── Material supplied

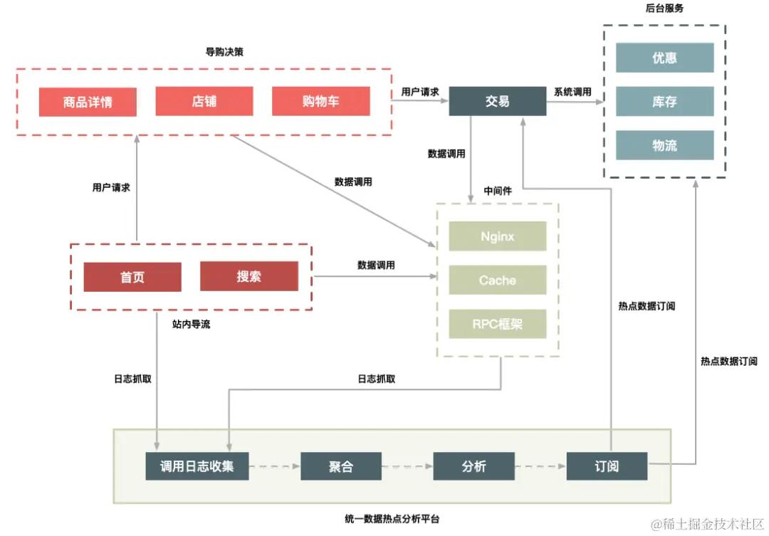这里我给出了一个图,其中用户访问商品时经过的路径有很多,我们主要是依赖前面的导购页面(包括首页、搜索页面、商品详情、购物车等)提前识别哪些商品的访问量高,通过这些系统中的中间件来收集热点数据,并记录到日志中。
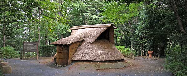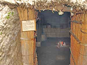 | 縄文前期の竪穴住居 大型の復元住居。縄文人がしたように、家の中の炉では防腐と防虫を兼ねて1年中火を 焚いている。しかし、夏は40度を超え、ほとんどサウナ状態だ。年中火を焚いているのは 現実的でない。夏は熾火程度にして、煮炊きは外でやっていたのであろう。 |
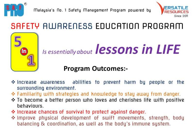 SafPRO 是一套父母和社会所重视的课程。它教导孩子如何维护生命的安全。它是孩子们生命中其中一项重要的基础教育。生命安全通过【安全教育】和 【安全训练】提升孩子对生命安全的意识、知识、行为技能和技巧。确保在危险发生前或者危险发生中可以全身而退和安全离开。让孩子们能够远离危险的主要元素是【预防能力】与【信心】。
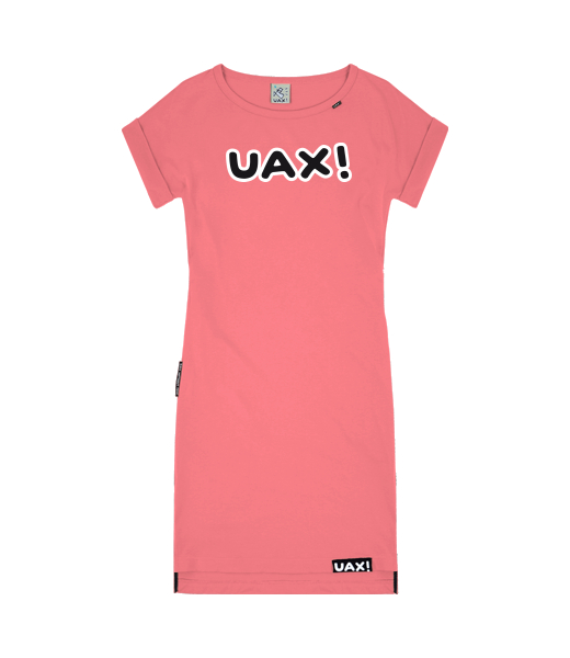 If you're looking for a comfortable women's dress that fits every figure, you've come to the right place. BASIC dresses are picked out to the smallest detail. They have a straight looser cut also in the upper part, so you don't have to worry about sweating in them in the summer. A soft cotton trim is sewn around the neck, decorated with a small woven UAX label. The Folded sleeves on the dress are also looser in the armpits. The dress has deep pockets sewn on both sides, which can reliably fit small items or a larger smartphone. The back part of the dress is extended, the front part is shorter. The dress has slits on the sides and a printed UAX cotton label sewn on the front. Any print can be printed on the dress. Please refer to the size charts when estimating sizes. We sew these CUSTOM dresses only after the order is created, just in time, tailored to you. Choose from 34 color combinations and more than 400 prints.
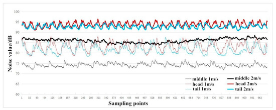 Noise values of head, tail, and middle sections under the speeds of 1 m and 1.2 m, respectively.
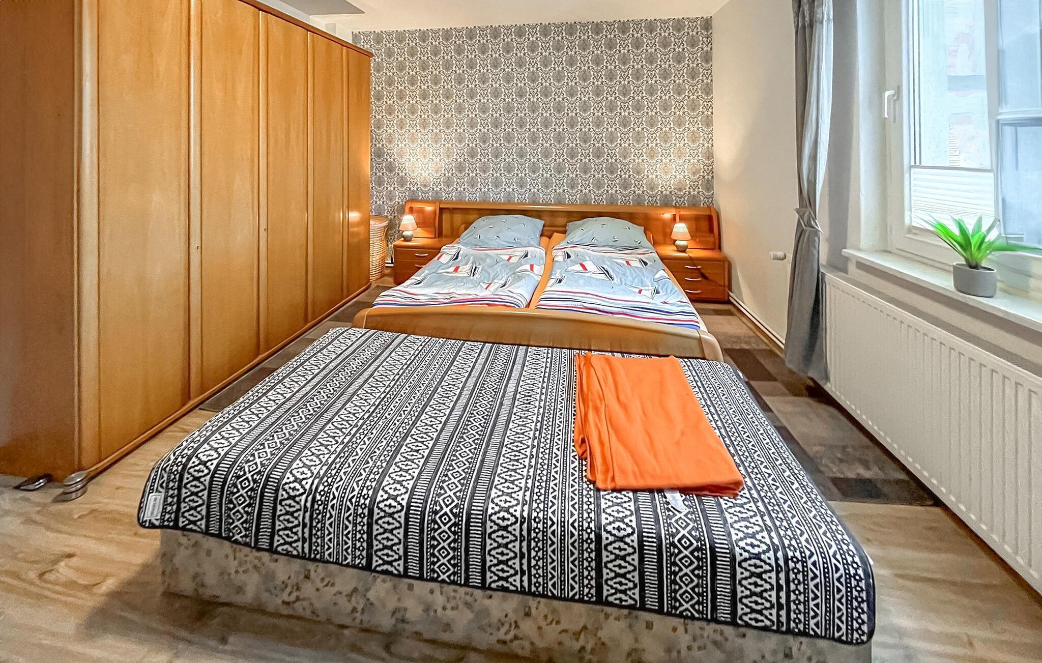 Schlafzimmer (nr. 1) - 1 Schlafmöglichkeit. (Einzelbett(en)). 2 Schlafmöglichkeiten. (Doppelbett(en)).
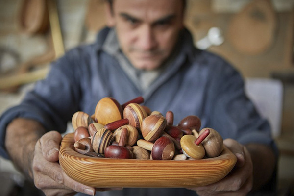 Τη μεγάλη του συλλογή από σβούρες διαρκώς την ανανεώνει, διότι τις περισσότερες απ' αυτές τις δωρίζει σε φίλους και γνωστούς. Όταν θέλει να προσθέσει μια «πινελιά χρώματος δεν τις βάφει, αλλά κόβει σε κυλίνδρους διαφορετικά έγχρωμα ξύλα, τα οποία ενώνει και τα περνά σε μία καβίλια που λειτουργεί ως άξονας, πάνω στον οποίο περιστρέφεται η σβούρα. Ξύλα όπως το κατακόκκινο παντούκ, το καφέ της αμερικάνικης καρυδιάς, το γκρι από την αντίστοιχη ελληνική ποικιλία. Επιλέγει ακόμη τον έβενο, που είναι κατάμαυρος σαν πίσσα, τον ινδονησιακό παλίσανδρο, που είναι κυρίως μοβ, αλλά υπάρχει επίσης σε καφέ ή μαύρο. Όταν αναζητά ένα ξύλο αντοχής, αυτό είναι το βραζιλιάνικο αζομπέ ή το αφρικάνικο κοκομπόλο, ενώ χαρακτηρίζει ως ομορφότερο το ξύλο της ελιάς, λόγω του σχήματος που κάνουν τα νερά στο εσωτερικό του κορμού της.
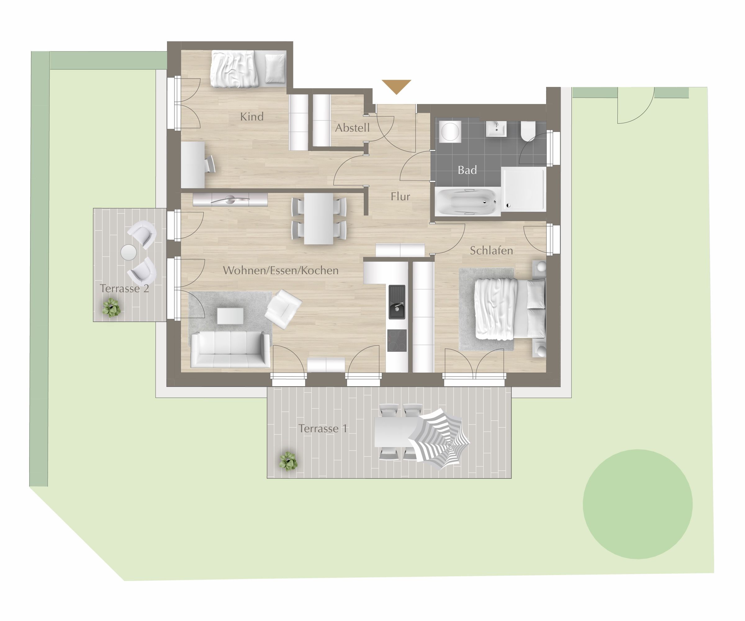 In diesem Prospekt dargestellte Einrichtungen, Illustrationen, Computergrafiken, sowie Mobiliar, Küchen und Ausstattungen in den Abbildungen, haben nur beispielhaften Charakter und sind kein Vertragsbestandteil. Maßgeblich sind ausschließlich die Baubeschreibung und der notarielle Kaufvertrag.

────
── Material supplied

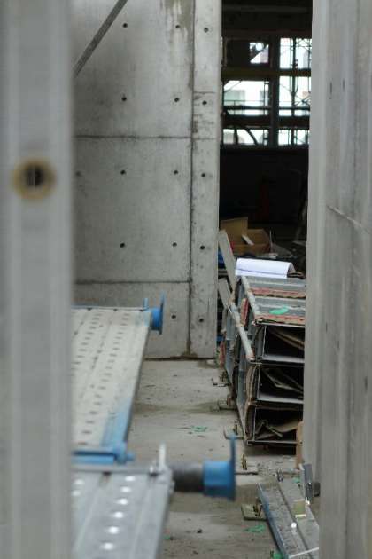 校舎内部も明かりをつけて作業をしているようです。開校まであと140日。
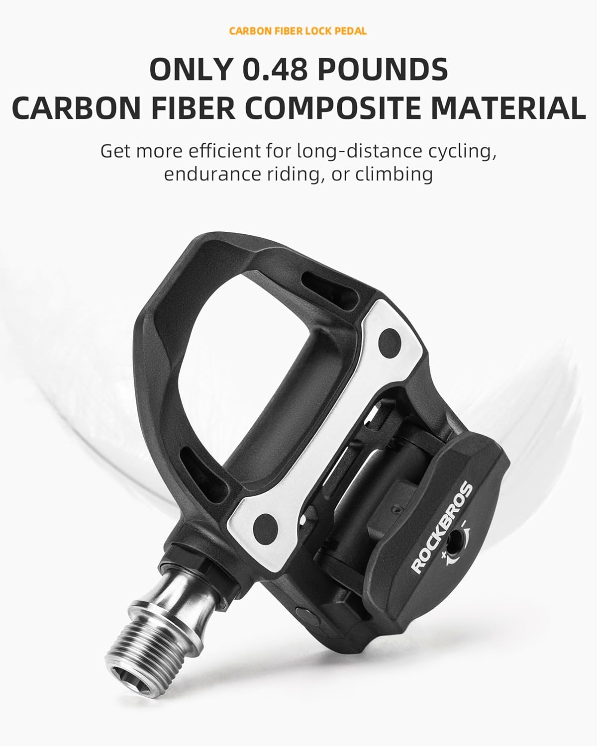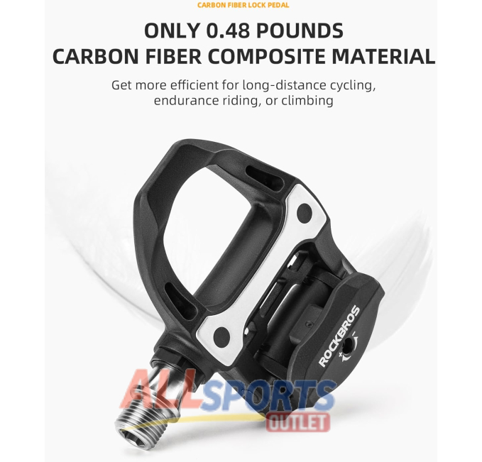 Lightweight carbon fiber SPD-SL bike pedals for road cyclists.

────

## Your task
Take the entries above and copy exactly the lines starting at the one with "这里我给出了一个图,其中用户" and ending at the one with "Schlafzimmer (nr. 1)"; nothing outside that span, and no pictures.

## Solved problem
这里我给出了一个图,其中用户访问商品时经过的路径有很多,我们主要是依赖前面的导购页面(包括首页、搜索页面、商品详情、购物车等)提前识别哪些商品的访问量高,通过这些系统中的中间件来收集热点数据,并记录到日志中。
 | 縄文前期の竪穴住居 大型の復元住居。縄文人がしたように、家の中の炉では防腐と防虫を兼ねて1年中火を 焚いている。しかし、夏は40度を超え、ほとんどサウナ状態だ。年中火を焚いているのは 現実的でない。夏は熾火程度にして、煮炊きは外でやっていたのであろう。 |
 SafPRO 是一套父母和社会所重视的课程。它教导孩子如何维护生命的安全。它是孩子们生命中其中一项重要的基础教育。生命安全通过【安全教育】和 【安全训练】提升孩子对生命安全的意识、知识、行为技能和技巧。确保在危险发生前或者危险发生中可以全身而退和安全离开。让孩子们能够远离危险的主要元素是【预防能力】与【信心】。
 If you're looking for a comfortable women's dress that fits every figure, you've come to the right place. BASIC dresses are picked out to the smallest detail. They have a straight looser cut also in the upper part, so you don't have to worry about sweating in them in the summer. A soft cotton trim is sewn around the neck, decorated with a small woven UAX label. The Folded sleeves on the dress are also looser in the armpits. The dress has deep pockets sewn on both sides, which can reliably fit small items or a larger smartphone. The back part of the dress is extended, the front part is shorter. The dress has slits on the sides and a printed UAX cotton label sewn on the front. Any print can be printed on the dress. Please refer to the size charts when estimating sizes. We sew these CUSTOM dresses only after the order is created, just in time, tailored to you. Choose from 34 color combinations and more than 400 prints.
 Noise values of head, tail, and middle sections under the speeds of 1 m and 1.2 m, respectively.
 Schlafzimmer (nr. 1) - 1 Schlafmöglichkeit. (Einzelbett(en)). 2 Schlafmöglichkeiten. (Doppelbett(en)).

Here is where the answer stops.